Staffordshire Stations – Stone

Last year, when I visited Longton near Stoke-on-Trent, my train passed through Stone railway station. At the time, I said that I would quite like to visit Stone, and so I made it happen on Friday 12th November 2021.

I had originally planned to visit Stone at the end of July this year, but a cancelled train put an end to that plan. This time, there were no cancelled trains to worry about, just delayed trains (five of the six trains I travelled on were late by a few minutes).

The journey, like most of them, began at Burton on Trent station. I took an earlier train than I had planned to Tamworth, because I would have had six minutes to get from the high level to the low level, and I am still not 100% confident that I could get to the right platform, so I played it safe.

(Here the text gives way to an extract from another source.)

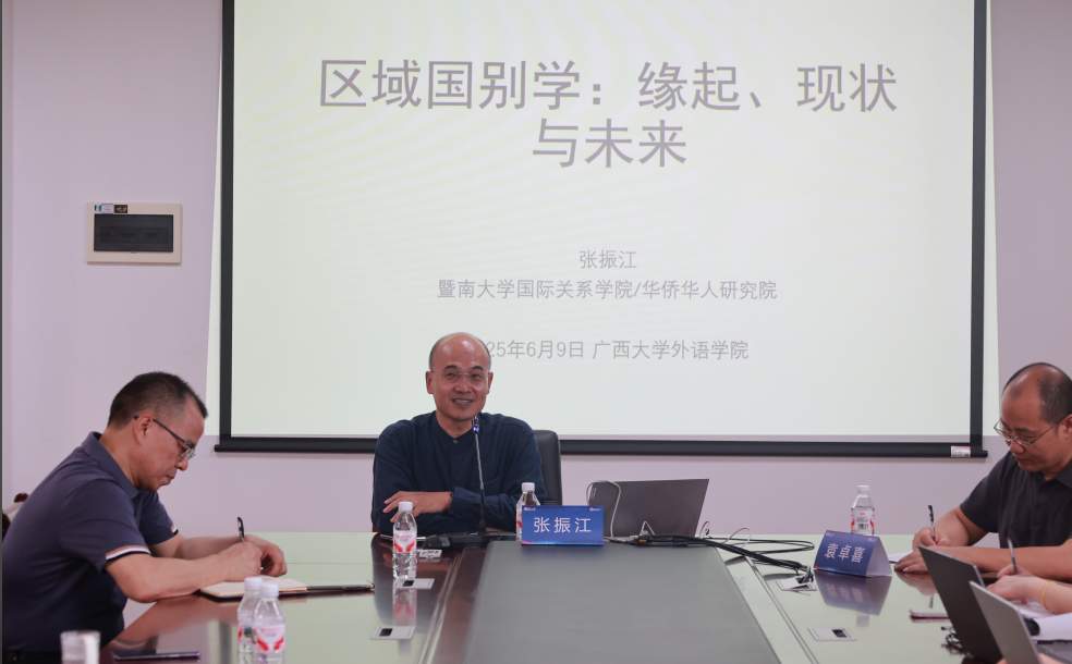6月9日下午,ok138太阳集团古天乐介子学术讲坛第九十四讲在学院301会议室举行。暨南大学张振江教授应邀做题为“区域国别学:缘起、现状与未来”的讲座。讲座由袁卓喜教授主持。
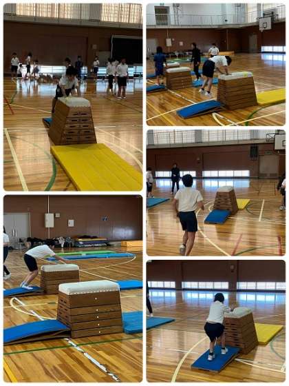 4年生の体育の授業です。とび箱の「閉脚跳び」や「台上前転」をしています。

It takes three trains to get to Stone from Burton, and the next stopping off point was Stafford. I still shudder at the memory of having to wait an hour in the cold and rain for a train there in 2018 after my train had been cancelled. Happily, there were no long waits for the last train of the morning, which took me to Stone.

Stone railway station is a magnificent-looking Grade II listed building. The town’s first station opened in April 1848 at a different location, and closed after just over a year when the present station was opened. The station building is no longer in use by the railways, but is now a community hub run by the local council. The station has a few facilities, such as a ticket machine and help points. There is a waiting shelter on one of the platforms which is decorated with artwork by local children, celebrating the station’s 170th anniversary in 2018.

Stone station actually closed in 2004 while upgrades were carried out on the line, and buses replaced the trains. It wasn’t re-opened until 2008, and services have increased since then. It still only gets under 200,000 annual passengers, which is not a lot for a town the size of Stone, although numbers are increasing annually.

I left the station to have a wander around Stone. The weather was cloudy and dull, seeing as it’s November. I crossed a level crossing near the station and had a walk to a local park, Stonefield Park.

Stonefield Park

After a stroll around the park, I headed for the town centre. The name “Stone” comes from the old English word stān, which means “stone”. Stone has a very good town centre, with the usual chain stores sitting alongside many local businesses, and surprisingly few empty shops. The town’s library is a particularly fine looking building.

Stone library. “If you think reading is boring, you’re doing it wrong”, says the sign.

I left the town centre and headed for the riverside. The River Trent runs through Stone, and there is a small pathway which leads to the Trent & Mersey canal.

Along the canal towpath was a plaque with quite a grisly story on it. In 1839, a 37 year old woman called Christina Collins was travelling by canal boat from Liverpool to London to meet her husband, who was working in the capital. She had raised concerns that the boatmen on the canal boat would “meddle” with her, as they had been drinking excessively and had started behaving in an untoward manner towards her. She was raped and thrown overboard, and her body was discovered near Rugeley. A statue of Christina stands on the other side of the canal.

Like Burton-on-Trent, Stone was a centre for beer brewing in the past, with the John Joules brewery being the most prominent. It was taken over by Burton-based Bass Charrington in the 1960s, and closed in 1974. Most of the brewery’s buildings were demolished, but a bottling plant and stores remains a prominent building next to the canal, alongside some swanky new apartments.

John Joules’ former bottling plant and stores.

Famous people to come from Stone include the former footballer Stan Collymore and Olympians Lizzie Neave and Joe Clarke.

It was soon time for me to leave Stone for the gruelling three-train trip back to Burton. I elected to catch the train to Stoke-on-Trent, and then get the train from there to Derby, and finally catch the train to Burton. For some reason, the train from Stoke to Derby was packed with passengers, even at half past two in the afternoon. The fact it was only a two-carriage train didn’t help matters. The train from Stoke to Derby was running late, but happily so was the train from Derby to Burton, so I didn’t have to wait long to get home.